--- WHAT YOU WILL DO ---
The response should repeat word for word every line below from the one with "Precio habitual A" to the one with "蚂蚁庄园4月8日的问题已经出", inclusive, and nothing else; leave pictures out.

--- PROVIDED DATA ---

*****

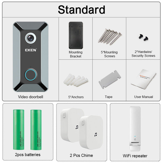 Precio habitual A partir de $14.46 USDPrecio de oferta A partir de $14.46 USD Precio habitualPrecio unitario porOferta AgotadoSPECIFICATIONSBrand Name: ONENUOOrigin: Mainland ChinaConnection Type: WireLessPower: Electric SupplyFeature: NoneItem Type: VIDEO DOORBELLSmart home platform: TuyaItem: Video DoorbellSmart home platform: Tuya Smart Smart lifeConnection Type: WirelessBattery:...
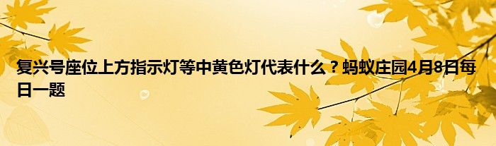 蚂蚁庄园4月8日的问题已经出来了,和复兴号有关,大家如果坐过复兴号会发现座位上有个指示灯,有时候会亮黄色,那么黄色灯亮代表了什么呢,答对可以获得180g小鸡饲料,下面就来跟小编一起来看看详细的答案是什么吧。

*****

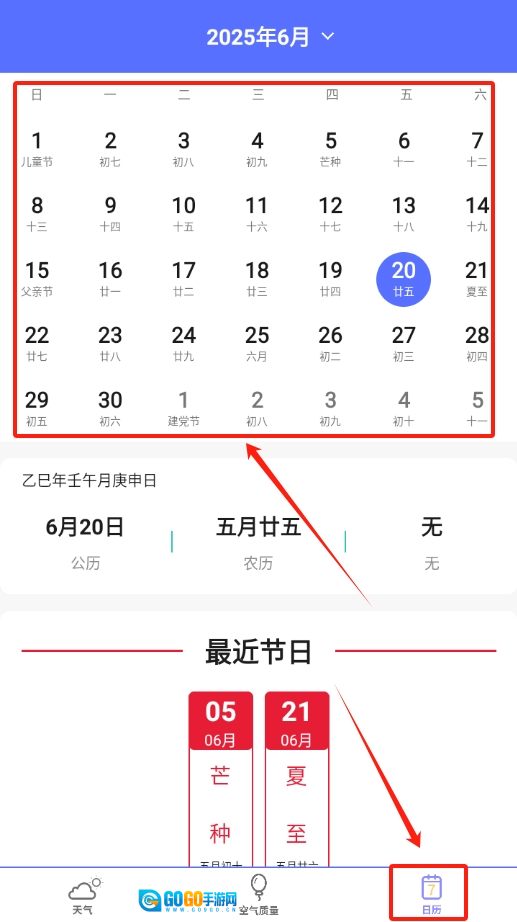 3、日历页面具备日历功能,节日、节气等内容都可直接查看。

*****

--- RESPONSE TO THIS TASK ---
 Precio habitual A partir de $14.46 USDPrecio de oferta A partir de $14.46 USD Precio habitualPrecio unitario porOferta AgotadoSPECIFICATIONSBrand Name: ONENUOOrigin: Mainland ChinaConnection Type: WireLessPower: Electric SupplyFeature: NoneItem Type: VIDEO DOORBELLSmart home platform: TuyaItem: Video DoorbellSmart home platform: Tuya Smart Smart lifeConnection Type: WirelessBattery:...
 蚂蚁庄园4月8日的问题已经出来了,和复兴号有关,大家如果坐过复兴号会发现座位上有个指示灯,有时候会亮黄色,那么黄色灯亮代表了什么呢,答对可以获得180g小鸡饲料,下面就来跟小编一起来看看详细的答案是什么吧。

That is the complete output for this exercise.